Of all the OPEC countries, Nigeria is the only one that does oil business at a loss. Nigeria has the lowest per capita income and weakest national currency among the major oil exporting countries. Prosperity is a rule among OPEC countries except Nigeria. In 45 years, Nigeria recorded profits only in two years but it was  *rat profits* For instance, Saudi Arabia posted a whopping profit of $161 billion in 2022.Norway (average sales of 1.2mbd) has in her Sovereign Wealth a gargantuan sum of $1.3Trillion, and in 2020 during C-19 when Nigerians were severely hurting and hungry, Norway realised the sum of $180billion profit from her oil investments dividends in technology companies. Here is a simple example of  national insanity: Nigeria’s total profits from her sales of oil in 45 years were N287 billion in 2020 and N674 billion in 2021 i.e. N961 billion or $1.2billion (@N750:$1) gross. The total money in the Nigeria Sovereign Investment Authority (NSIA) is about N1.02 Trillion (i.e. $1.2 billion vs Norway’s $1.3 trillion, less than 1% of Norway’s Sovereign wealth.
The advertisement for the position of Petroleum Minister should read: *Nigeria needs a person who can bring the cost of sales and profit per barrel of crude oil exploration and processing to be at par or close to that of Norway, Saudi Arabia or UAE, plus or minus 20% environmental exigencies* What is wrong with headhunting Norway’s Minister of Petroleum and Energy (Terje Aasland) as the next Nigeria’s Minister of Petroleum, under a management contract of 90:10 profit sharing in favour of Nigeria? He made about $90 billion selling 1.2mbd for Norway in 2022. After all, we have people from the Niger Republic holding sensitive public offices in Nigeria. Conversely, we have had Nigerians as Ministers of Economy in Togo and Justice in the Gambia. And Nigerians are holding sensitive cabinet positions in America and the UK.
6 Thou shall create two new Ministries: Ministry of Future to be headed by a Nigeria prodigy, likely under 30 years of age. Two, the Ministry of Renewable Energy. The future would be dominated by Space innovations and Artificial Intelligence (Ai). The bus is already moving, our youths cannot afford to be bus conductors, they should be in the front seat of the 4.0 revolution. Furthermore, the market value of the renewable energy business is forecast to be more than $ 2 trillion by 2030, whereas oil has less than 40 years before it becomes satchet water.
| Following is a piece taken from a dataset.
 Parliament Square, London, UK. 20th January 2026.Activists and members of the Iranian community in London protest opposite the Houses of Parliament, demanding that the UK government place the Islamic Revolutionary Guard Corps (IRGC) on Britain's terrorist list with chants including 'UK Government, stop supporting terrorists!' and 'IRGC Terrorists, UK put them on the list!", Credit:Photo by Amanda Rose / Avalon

7 Thou shall abolish the office of *Aso Rock CABAL* because it is unconstitutional and anti people.The ‘’cabal’’ engineered the annulment of the June 12, 1993 election according to IBB. GEJ’s Cabal made him clueless. PMB’s Cabal held him, hostage, in the Villa according to PMB’s wife, Aisha Buhari. Allowing your closest political and business associates, the Vice President or your wife or son or daughter to form a new cabal is like signing an irrevocable MoU with failure, because the ‘’Cabal’’ is not on record for positive contributions.
8 Foreign Policy: thou shall not drag Nigeria into the China-America-Russia supremacy battle. There is a window of commercial opportunity worth $250 billion in the energy sector that has opened up in Europe as a result of the Russia-Ukraine war which the incoming administration can harvest. The geopolitics sands are shifting but smart nations like Israel are playing it safe: Prime Minister Benjamin Netanyahu is smartly cutting deals with Russia’ Putin, China Xi and America’s Biden simultaneously without dropping any of the 3 balls for the overall benefits of his people.
9 Thou shall not waste the Globalization crisis: There is a gradual sunset on globalization: Japan is relocating most of its factories from China to Japan. America is building a new semiconductor factory in Arizona, as I write, to reduce its vulnerability in Asia which controls 70% of the global semiconductor output, Germany is looking inward for its energy needs etc. Today, Regionalization and nationalism are coming back as valedictory services are being held for Globalisation, even in her home country, America. Nigeria should optimize the AfCFTA opportunities, as most of what Nigeria needs to succeed can be found inside her ‘’Sokoto’’, why travel to Sokoto?10 Global hunger crisis is real: thou shall prioritize food security from day one: an empty sack cannot stand. Globally, 10% of the population has little or nothing to eat and 70% of them are in Africa. About 133 million Nigerians are living below the poverty line. However, there is zero chance of solving the food crisis in Nigeria without first addressing the security challenges posed by the Fulani herdsmen. The Vice President’s (Shettima) first task should be to head the ANTI-TERRORISM TASK FORCE (ATTF) that will end terrorism in Nigeria within your first 100 days in office.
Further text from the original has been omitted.